--- PROVIDED DATA Enclosed Below ---

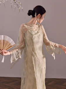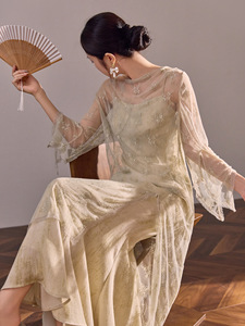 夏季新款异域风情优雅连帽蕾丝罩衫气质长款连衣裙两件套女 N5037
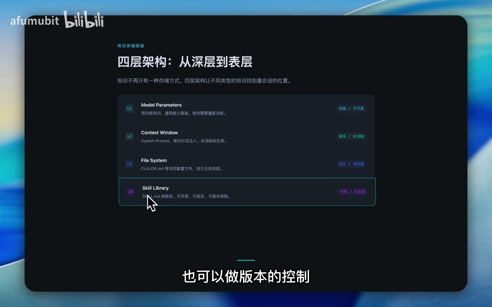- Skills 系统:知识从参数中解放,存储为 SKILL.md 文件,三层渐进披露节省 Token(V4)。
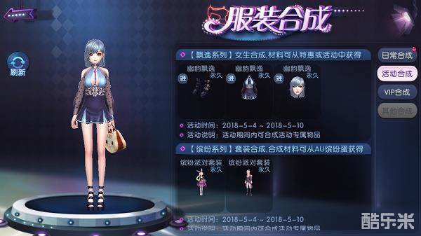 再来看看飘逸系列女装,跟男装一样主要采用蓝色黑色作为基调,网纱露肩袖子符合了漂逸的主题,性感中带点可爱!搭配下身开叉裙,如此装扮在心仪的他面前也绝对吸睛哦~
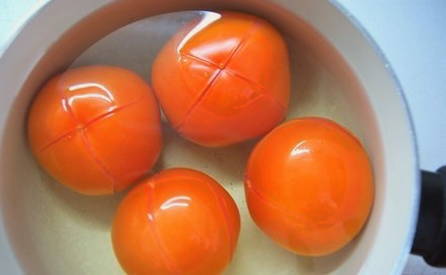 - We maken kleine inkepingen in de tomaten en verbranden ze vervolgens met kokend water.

--- End of Enclosed PROVIDED DATA ---

The required output is the lines from the one containing "- Skills 系统:知识从参数中解放,存储为" through the end of the data, printed exactly, with no pictures.

- Skills 系统:知识从参数中解放,存储为 SKILL.md 文件,三层渐进披露节省 Token(V4)。
 再来看看飘逸系列女装,跟男装一样主要采用蓝色黑色作为基调,网纱露肩袖子符合了漂逸的主题,性感中带点可爱!搭配下身开叉裙,如此装扮在心仪的他面前也绝对吸睛哦~
 - We maken kleine inkepingen in de tomaten en verbranden ze vervolgens met kokend water.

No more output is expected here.